[Opening Raw data section]

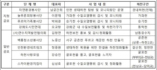 협약 체결에 앞서 인천광역시는 수질개선 활동에 시민참여를 유도하고, 깨끗한 하천 조성과 수질오염행위 감시 및 시민 환경의식 제고에 기여하기 위해 지난 2월 15일까지 수질보전활동을 추진할 민간단체를 공개 모집을 했다.
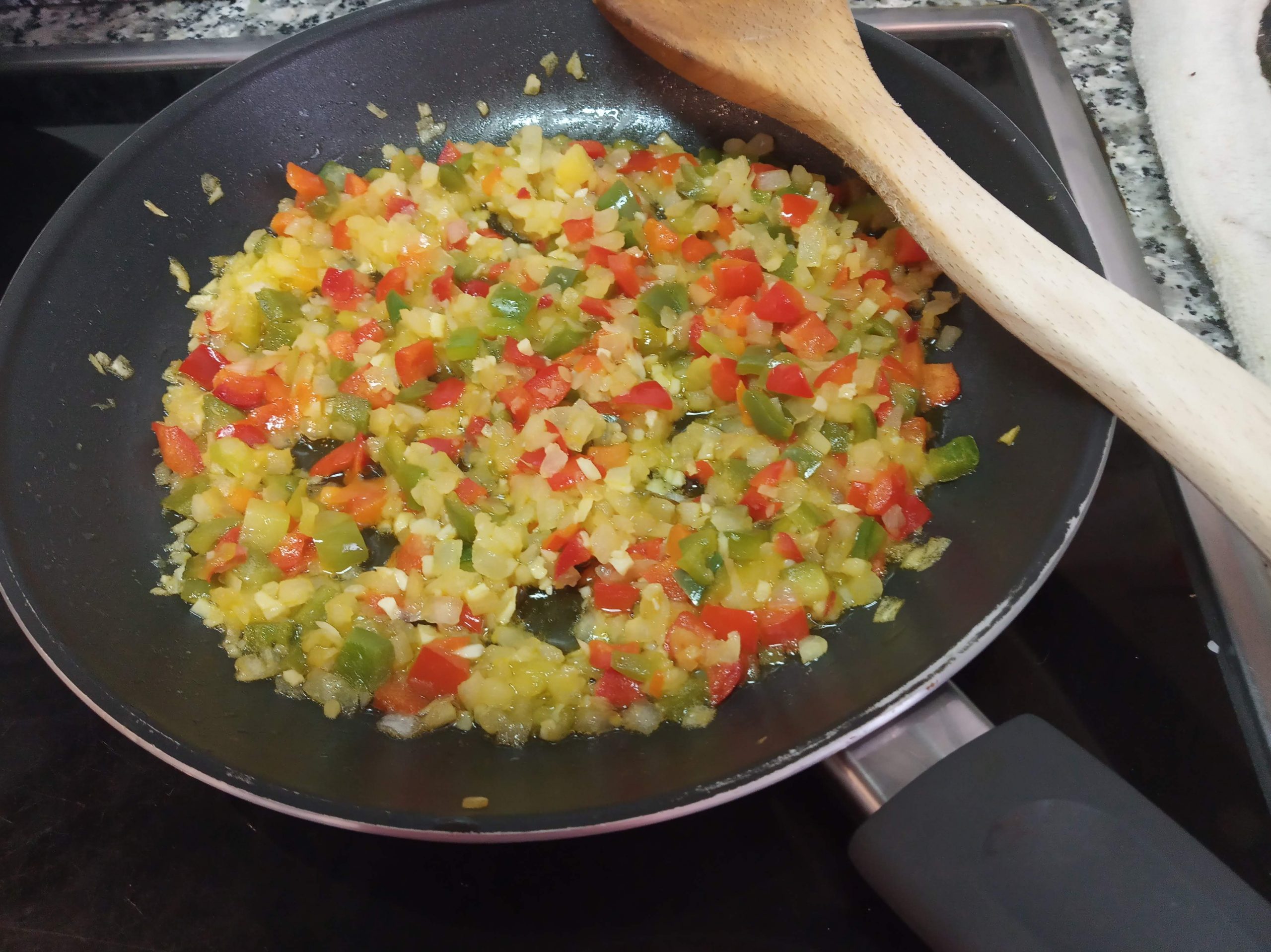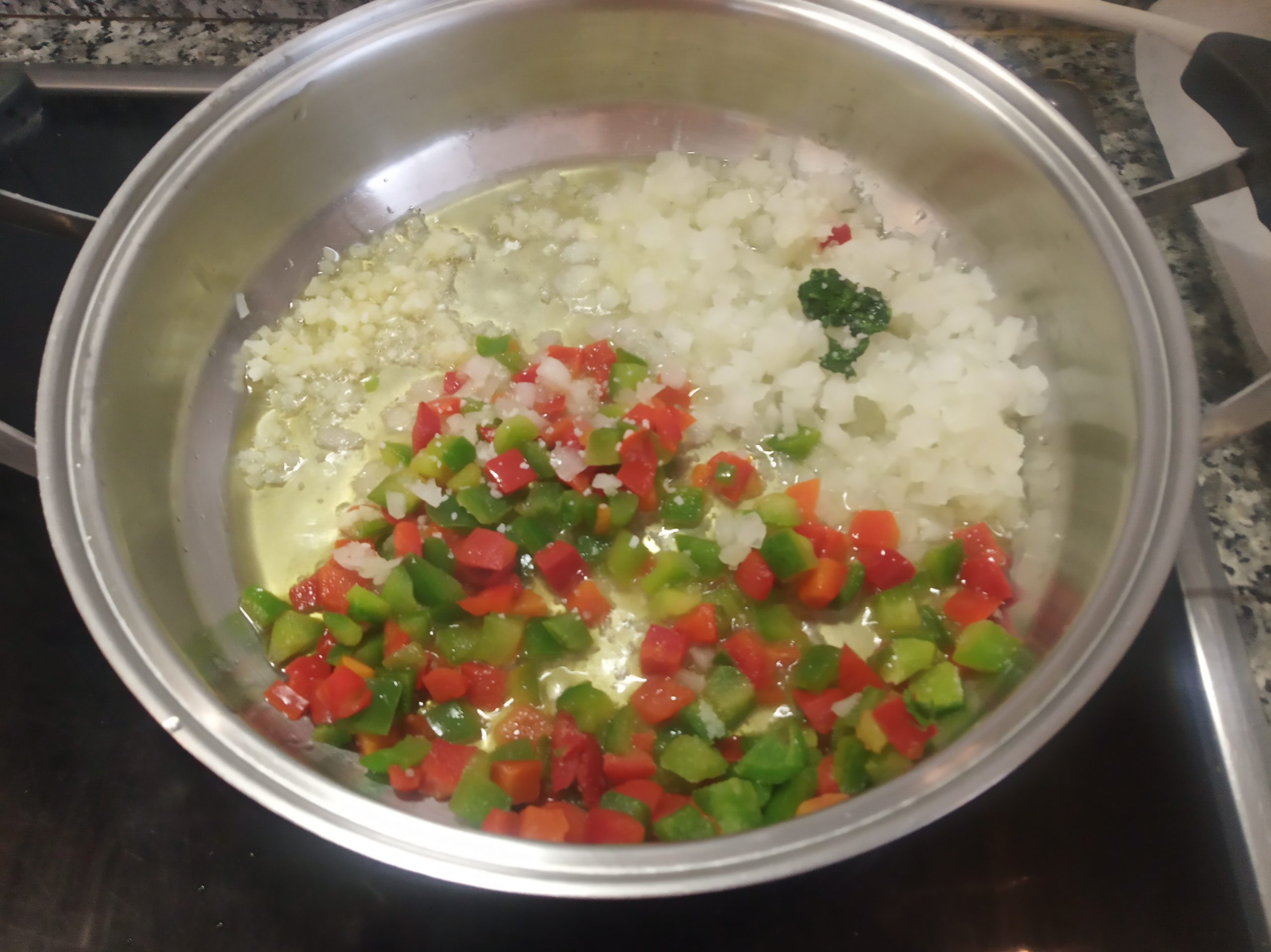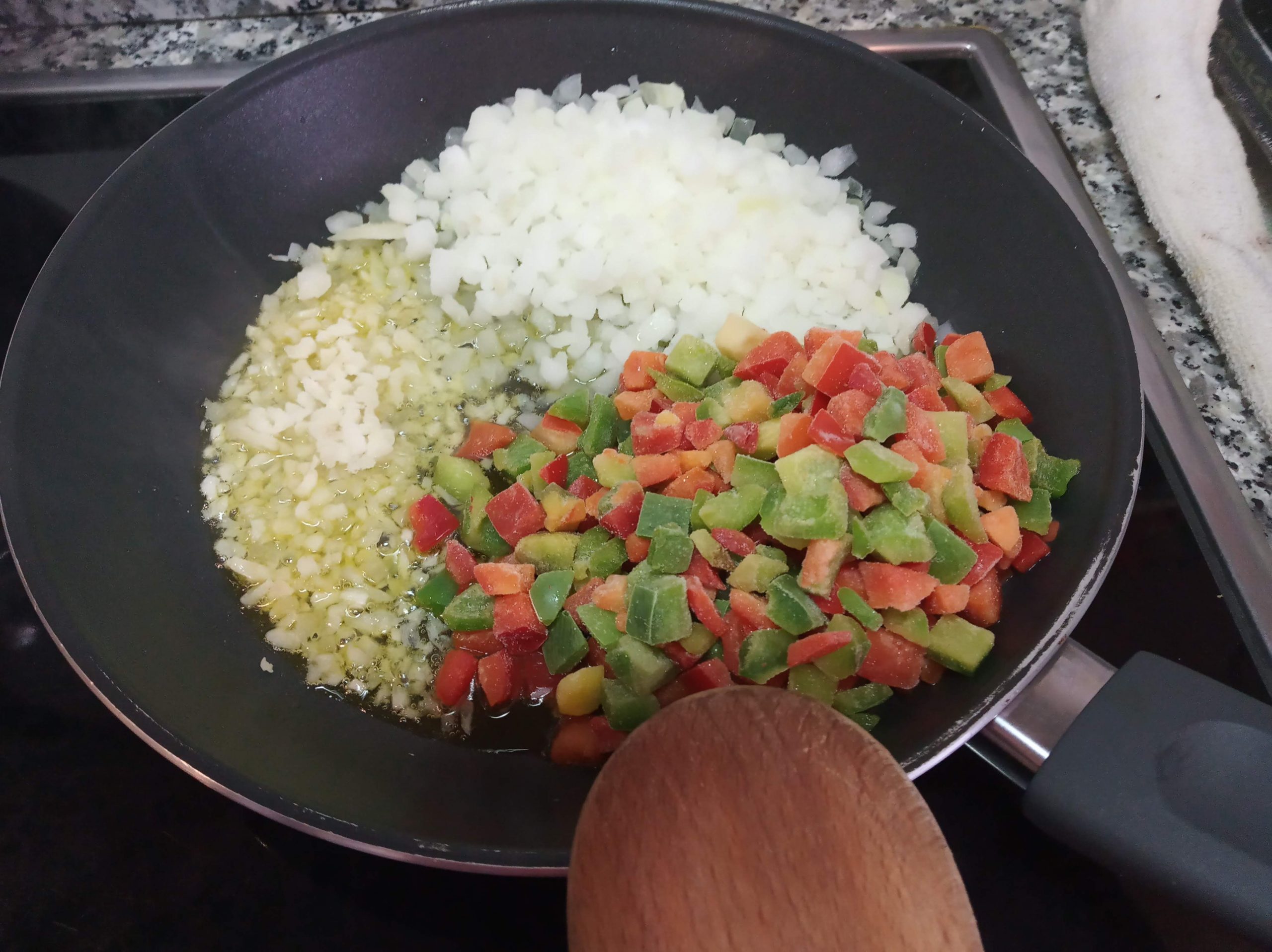 En la misma cacerola, refreír con un poco de aceite, los ajos y añadir la cebolla y los pimientos troceados, durante unos 10 minutos.
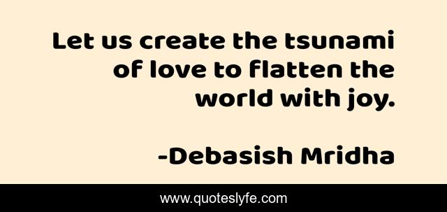 This page presents the quote "Let us create the tsunami of love to flatten the world with joy.". Author of this quote is Debasish Mridha. This quote is about life, love, knowledge, inspirational, intelligence, philosophy, wisdom, quotes, affection,.
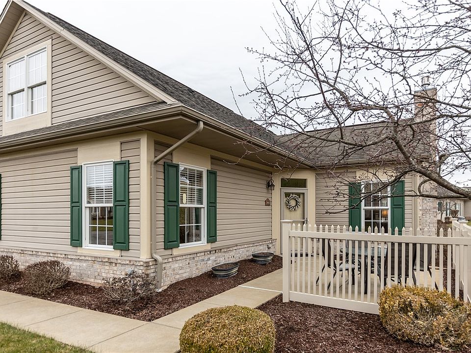 Move right in to brick & vinyl 1 of 24 Chateau floorplan patio homes in Cobblestone Village!Private setting w/common ground behind.Many updates, new furnace & air - 2021.Woodlike LVT flooring on 1st floor. Enjoy private fenced courtyard-like patio that leads to covered entry w/new storm door. Step in to entry full of light from 4 panel door w/2 windows & transom.Vaultd great room features gas fp w/new fan & ceram surround, decorative white mantle w/fluted side-pieces, 2 arch-top fireside windows,& 2 additional windows - lots of light! Spacious dining rm open to kitchen & great rm.Upgraded kitchen boasts new stainless appliances, bisque cabinets, glass bsplash, sun tunnel, & recessed lights. Spacious laundry w/tub & walk-in closet. Lrg master bdrm boasts fan, walk-in closet, private bath w/white vanity & walk-in shower. BR2 (den) w/walk-in. Vaultd BR3/loft w/full private bth. 2 car att grg w/omnistone floor. Pool, clubhouse, ext maintenance, lawn&snow care handles by the association!
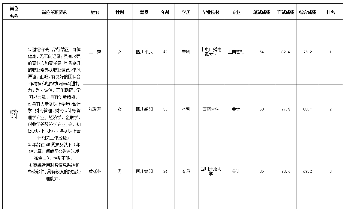 根据绵阳市绵州嘉来会务服务有限公司发布的招聘公告及招聘相关规定,经笔试、面试等程序,现将笔试(面试)成绩予以公示。
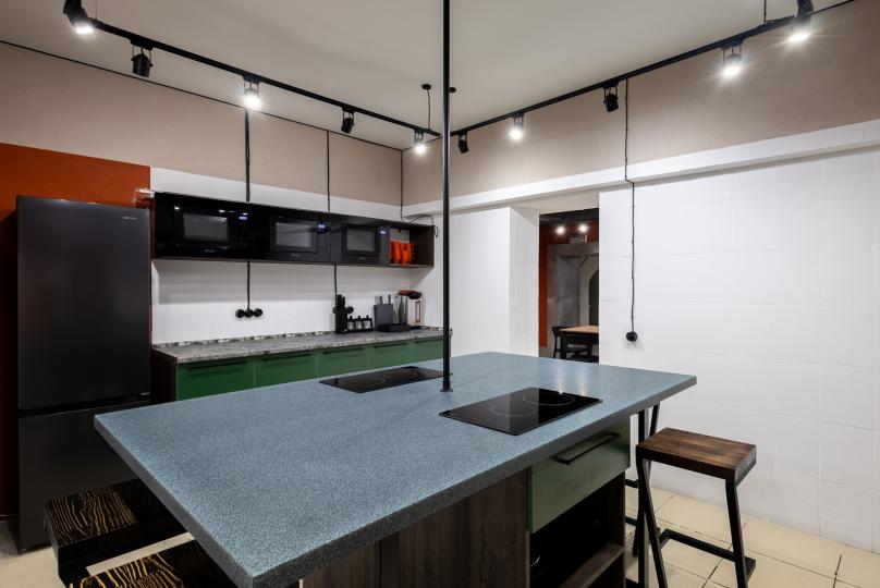 Большая полностью оборудованная кухня, где можно приготовить вкусную еду в компании друзей или просто посидеть за приятными беседами. Большая лаунж зона, где можно собраться для просмотра фильмов, большая отдельная столовая, где можно не только обедать или ужинать, но и собраться большой компанией за настольными играми. Ежедневно в хостеле подают завтраки по меню (по предварительному заказу). Для Вашего удобства – в хостеле можно приобрести гигиенические средства, сувениры и безалкогольные напитки.

[Closing Raw data section]

When you return the listing, keep each line exact and leave the pictures out.

- Output for this exercise -
 협약 체결에 앞서 인천광역시는 수질개선 활동에 시민참여를 유도하고, 깨끗한 하천 조성과 수질오염행위 감시 및 시민 환경의식 제고에 기여하기 위해 지난 2월 15일까지 수질보전활동을 추진할 민간단체를 공개 모집을 했다.
 En la misma cacerola, refreír con un poco de aceite, los ajos y añadir la cebolla y los pimientos troceados, durante unos 10 minutos.
 This page presents the quote "Let us create the tsunami of love to flatten the world with joy.". Author of this quote is Debasish Mridha. This quote is about life, love, knowledge, inspirational, intelligence, philosophy, wisdom, quotes, affection,.
 Move right in to brick & vinyl 1 of 24 Chateau floorplan patio homes in Cobblestone Village!Private setting w/common ground behind.Many updates, new furnace & air - 2021.Woodlike LVT flooring on 1st floor. Enjoy private fenced courtyard-like patio that leads to covered entry w/new storm door. Step in to entry full of light from 4 panel door w/2 windows & transom.Vaultd great room features gas fp w/new fan & ceram surround, decorative white mantle w/fluted side-pieces, 2 arch-top fireside windows,& 2 additional windows - lots of light! Spacious dining rm open to kitchen & great rm.Upgraded kitchen boasts new stainless appliances, bisque cabinets, glass bsplash, sun tunnel, & recessed lights. Spacious laundry w/tub & walk-in closet. Lrg master bdrm boasts fan, walk-in closet, private bath w/white vanity & walk-in shower. BR2 (den) w/walk-in. Vaultd BR3/loft w/full private bth. 2 car att grg w/omnistone floor. Pool, clubhouse, ext maintenance, lawn&snow care handles by the association!
 根据绵阳市绵州嘉来会务服务有限公司发布的招聘公告及招聘相关规定,经笔试、面试等程序,现将笔试(面试)成绩予以公示。
 Большая полностью оборудованная кухня, где можно приготовить вкусную еду в компании друзей или просто посидеть за приятными беседами. Большая лаунж зона, где можно собраться для просмотра фильмов, большая отдельная столовая, где можно не только обедать или ужинать, но и собраться большой компанией за настольными играми. Ежедневно в хостеле подают завтраки по меню (по предварительному заказу). Для Вашего удобства – в хостеле можно приобрести гигиенические средства, сувениры и безалкогольные напитки.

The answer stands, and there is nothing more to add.